We will be picking up from where we left in the previous tutorial.   
In this one, we will be estimating the spectrum (i.e. the flux as a function of the energy) of the Crab Nebula.

In [None]:
# - basic imports (numpy, astropy, regions, matplotlib)
import numpy as np
import astropy.units as u
from astropy.coordinates import SkyCoord
from regions import PointSkyRegion, CircleSkyRegion
import matplotlib.pyplot as plt
import matplotlib.image as mpimg
import logging
import warnings

# - Gammapy's imports
from gammapy.maps import Map, MapAxis, WcsGeom, RegionGeom
from gammapy.data import DataStore, Observation
from gammapy.datasets import SpectrumDataset, Datasets
from gammapy.makers import (
    SpectrumDatasetMaker,
    WobbleRegionsFinder,
    ReflectedRegionsBackgroundMaker,
)
from gammapy.modeling.models import (
    PowerLawSpectralModel,
    LogParabolaSpectralModel,
    SkyModel,
    create_crab_spectral_model,
)
from gammapy.modeling import Fit
from gammapy.estimators import FluxPointsEstimator
from gammapy.stats import WStatCountsStatistic

# - setting up logging and ignoring warnings
logger = logging.getLogger(__name__)
logger.setLevel(logging.INFO)
warnings.filterwarnings("ignore")

## 2.1. Spectrum Extraction

Let us start from the previous homework, but let us do it with `Gammapy`!    
We aim at building histograms of the events in the _on_ and _off_ regions as a function of the energy. By estimating the _spectrum_, we mean we would like to find a description, through an analytical function, of this distribution in energy.

In [None]:
# let us load the observations again
datastore = DataStore.from_dir("../acme_magic_odas_data/data/CrabNebula")
observations = datastore.get_observations(required_irf=["rad_max", "aeff", "edisp"])
print(len(observations))

### 2.1.1. The `RAD_MAX` table

In general, with increasing energy, the spatial resolution of the telescope will improve. This means that we might use tighter $\theta^2$ cuts (i.e. smaller _on_ and _off_ regions), the idea being that the $\theta^2$ histogram will become much more peaked as the energy increases (could you observe this in Exercise 1.2?). 
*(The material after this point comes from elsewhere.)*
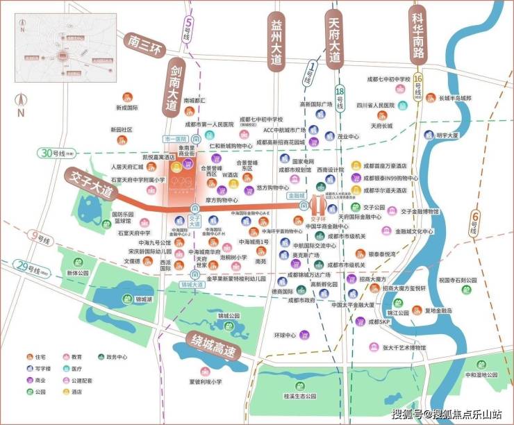 金融城交子大道——成都金融城黄金中轴之上,项目距离城市新地标双子塔仅1.7公里,地铁5号线交子大道地铁口直达!
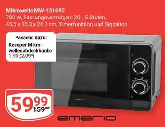 Das Angebot ist in verschiedenen Geschäften erhältlich. Schauen Sie sich alle Produkte an, um das günstigste Mikrowelle MW-131692 zu ergattern. Wenn Sie gerne nachschauen möchten, ob der Artikel woanders noch günstiger ist, werfen Sie einen Blick auf die Kategorie 'Kaufhäuser'. Möglicherweise sind diese Angebote auch interessant für Sie: Mikrowelle MW 791, CLATRONIC Mikrowelle MW 791 & emerio Mikrowelle MW-131692.

Pre-optimised $\theta^2$ cuts are available in the `rad_max` attribute of each observation. They correspond to the `RAD_MAX` data unit in the `.fits` file. We plot the optimised $\theta^2$ cut in each bin, and, for comparison, the $\theta^2$ cut we used in the previous tutorial.

In [None]:
fig, ax = plt.subplots()
rad_max = observations[0].rad_max
rad_max.plot_rad_max_vs_energy(
    ax=ax,
    ls="--",
    marker=".",
    label="optimised " + r"$\theta^2$" + " cut",
    drawstyle="steps-mid",
)
ax.axhline(0.2, ls="--", lw=1, label="fixed cut (previous tutorial)", color="crimson")
ax.legend()
plt.show()

### 2.1.2. From `Observations` to `Datasets`

We will now delegate all the steps of spectrum extraction to `Gammapy` (we will basically let `Gammapy` do the homework we had in the previous tutorial).

In [None]:
# let us define the parameters of the spectrum extraction
# - we need to specify only the center of the on region,
# its radius will be fetched from the RAD_MAX table.
crab_coords = SkyCoord.from_name("Crab Nebula")
on_region = PointSkyRegion(crab_coords)

# - let us define the energy axes over which we want:
# -- to bin the counts (estimated energies) and
energy_axis = MapAxis.from_energy_bounds(
    10, 1e5, nbin=20, per_decade=False, unit="GeV", name="energy"
)
# -- to interpolate the IRFs (true energies)
energy_axis_true = MapAxis.from_energy_bounds(
    10, 1e5, nbin=28, per_decade=False, unit="GeV", name="energy_true"
)

# let us create an empty dataset with this spatial and energy structure / binning
geom = RegionGeom.create(region=on_region, axes=[energy_axis])
dataset_empty = SpectrumDataset.create(geom=geom, energy_axis_true=energy_axis_true)

In [None]:
dataset_maker = SpectrumDatasetMaker(
    containment_correction=False, selection=["counts", "exposure", "edisp"]
)
# use 3 off regions to estimate the background
region_finder = WobbleRegionsFinder(n_off_regions=3)
bkg_maker = ReflectedRegionsBackgroundMaker(region_finder=region_finder)

datasets = Datasets()

for observation in observations:
    dataset = dataset_maker.run(
        dataset_empty.copy(name=str(observation.obs_id)), observation
    )
    dataset_on_off = bkg_maker.run(dataset, observation)
    datasets.append(dataset_on_off)

We turned our observations in `DataSets`. What do they contain?

In [None]:
datasets[1].peek()

## 2.2 Spectrum Fit

We see the array of _on_ and _off_ counts, and the two IRF we previously examined.    
How should we use them, and what does it mean to estimate a spectrum?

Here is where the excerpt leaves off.